Untuk analisis kemiringan lereng secara digital dilakukan melalui software

SIG dengan menggunakan data dari RBI digital dan SRTM. Dalam software

ArcGIS 9.3 analisis dilakukan dari Menu tools : peta kontur > TIN > DEM >

Slope.

c. Pembuatan Peta Bentuklahan

Bahan yang digunakan adalah citra SRTM, IKONOS, peta kontur, dan peta geologis. Keempat data tersebut digunakan untuk melakukan interpretasi bentuklahan (landform) secara visual dengan menggunakan software ArcGIS 9.3.

Sistem klasifikasi bentuklahan mengacu pada sistem ITC (Van Zuidam, 1985) dengan modifikasi pada pemberian simbolnya. Dalam sistem ITC klasifikasi

6

bentuklahan mempertimbangkan aspek-aspek, morfologi (terkait dengan relief), morfogenesis (terkait dengan proses-proses geomorfik yang membentuknya), morfokronologi (terkait dengan tahap pembentukan dan perkembangan bentuklahan), dan morfoarrangement (terkait dengan hubungan susunan keruangan bentuklahan dan proses-proses yang membentuknya). Dalam interpretasi bentuklahan, citra SRTM dan IKONOS digunakan untuk melihat morfologi dan morfoarrangement secara umum, peta geologi untuk membantu mengetahui jenis batuan, struktur, dan penafsiran morfogenesis, sedangkan garis kontur untuk membantu mengetahui relief, yaitu melalui pola garis kontur. Dari sisi morfogenesis, bentuklahan dipilah menjadi 11 jenis asal proses geomorfik (Tjahjono et al. 2013), yaitu proses-proses tektonik/struktural, vulkanik, fluvial,

marin, glasial, aeolin, solusional/karst, biologik/organik, denudasional, lakustrin, dan antropogenik.

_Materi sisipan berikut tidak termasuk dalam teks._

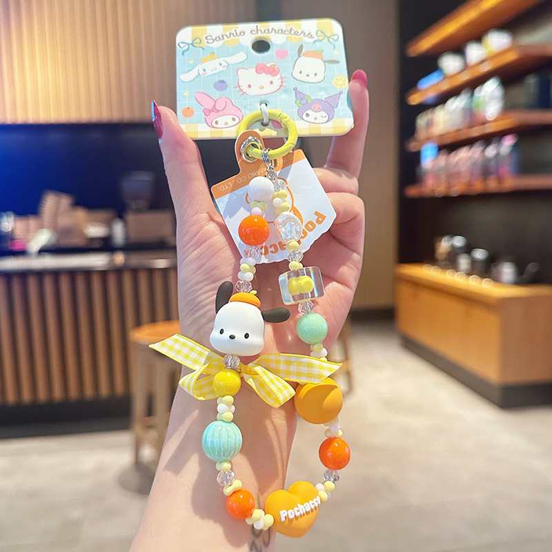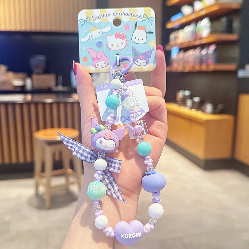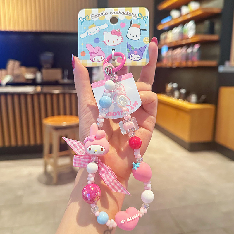 정품 산리오 인형 휴대폰 펜던트 쿠로미 비즈 큰 귀 개 멜로디 과일 열쇠 고리 펜던트

2. Tahap Pengecekan Lapang

Pada tahap kerja lapang dilakukan verifikasi terhadap peta-peta yang telah dihasilkan dari tahap sebelumnya, yaitu peta kemiringan lereng dan peta bentuklahan. Pada tahap ini juga dilakukan pengukuran terhadap kemiringan lereng di lapangan. Pengambilan titik sampel dilakukan dengan metode stratified random sampling yang didasarkan pada jenis bentuklahan dan kelas kemiringan

lereng serta mempertimbangkan kondisi hambatan lapang (hutan, lembah yang dalam, atau tebing curam). Pada wilayah yang tidak dapat diakses maka tidak diambil sampel.

3. Tahap Analisis

Pada tahap ini dilakukan analisis perbandingan antara data primer dengan hasil yang diperoleh sebelumnya untuk tujuan mengetahui tingkat ketelitian pada skala 1:25.000. Selain itu dilakukan analisis hubungan antara bentuklahan dengan kemiringan lereng melalui operasi tumpang tindih (overlay) dengan SIG.

4. Tahap Penyajian Hasil

Seluruh hasil penelitian ini selanjutnya disajikan dalam bentuk skripsi yang dilengkapi dengan tabel, grafik, peta-peta, dan foto-foto lapangan. Secara singkat rangkaian dari seluruh penelitian ini disajikan dalan bentuk diagram alir seperti yang terlihat pada Gambar 2.